- Specialty: Orthopedic

= Schilling tendon procedure =

The Schilling tendon procedure is a temporary surgical procedure developed by the former Boston Red Sox team physician William Morgan, MD, to stabilize the peroneus brevis tendon so that it is prevented from anterior displacement during ankle eversion. If the peroneal retinaculum is torn, the fibular retinacula are no longer stabilized. This allows the peroneus brevis tendon to move untethered over the lateral malleolus, creating pain. During pitching mechanics, the snapping of the tendon over the bone is painful and distracting to the pitcher.

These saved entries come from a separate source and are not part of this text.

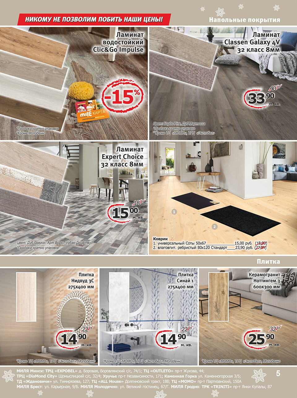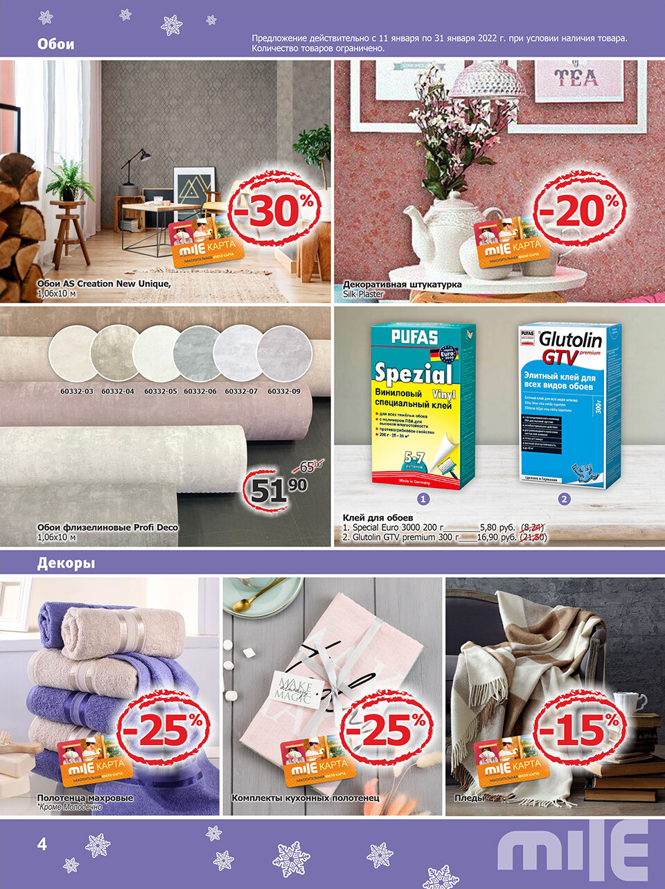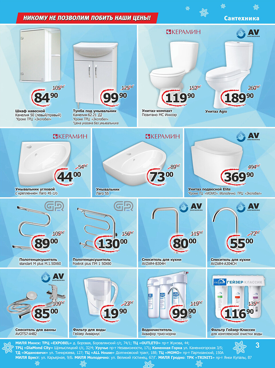 До конца января в розничной сети магазинов “Mile” (“Миля”) будет действовать обновленный ассортимент акционных предложений – покупайте по выгодным ценам сантехнику, электротовары, а также все необходимое для дома и дачи
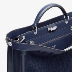 Bolso peekaboo iseeu mediano, confeccionado en piel azul oscuro y jersey perforado ff.
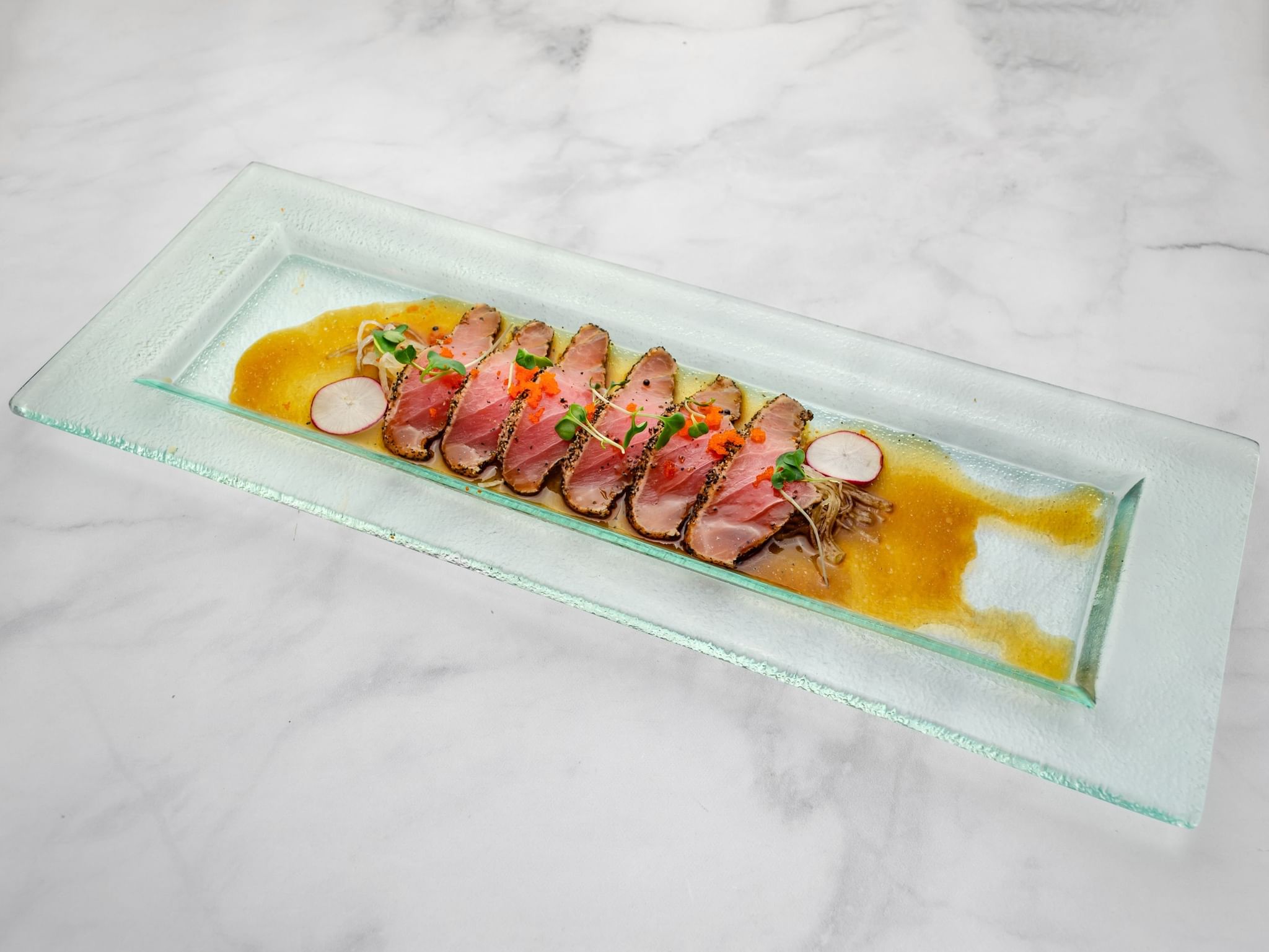 Seared pepper tuna and mixed greens with yuzu wasabi sauce

The procedure involves the placement of three sutures through the skin anterior to the path of the peroneus brevis tendon and into the underlying deep connective tissue. These sutures provide a temporary barrier, preventing the tendon from moving anteriorly over the malleolus. This procedure was first tested on a cadaver to establish if the surgery would work or not. The procedure is performed with local anaesthetic, about 24 hours before the player begins to pitch. The stitches must be removed immediately following the cessation of play, and indications are that the stitches may tear during the course of a game.

The procedure is named for Major League Baseball pitcher Curt Schilling, who required the surgery to be able to pitch for the Boston Red Sox in Game 6 of the 2004 American League Championship Series and Game 2 of the 2004 World Series.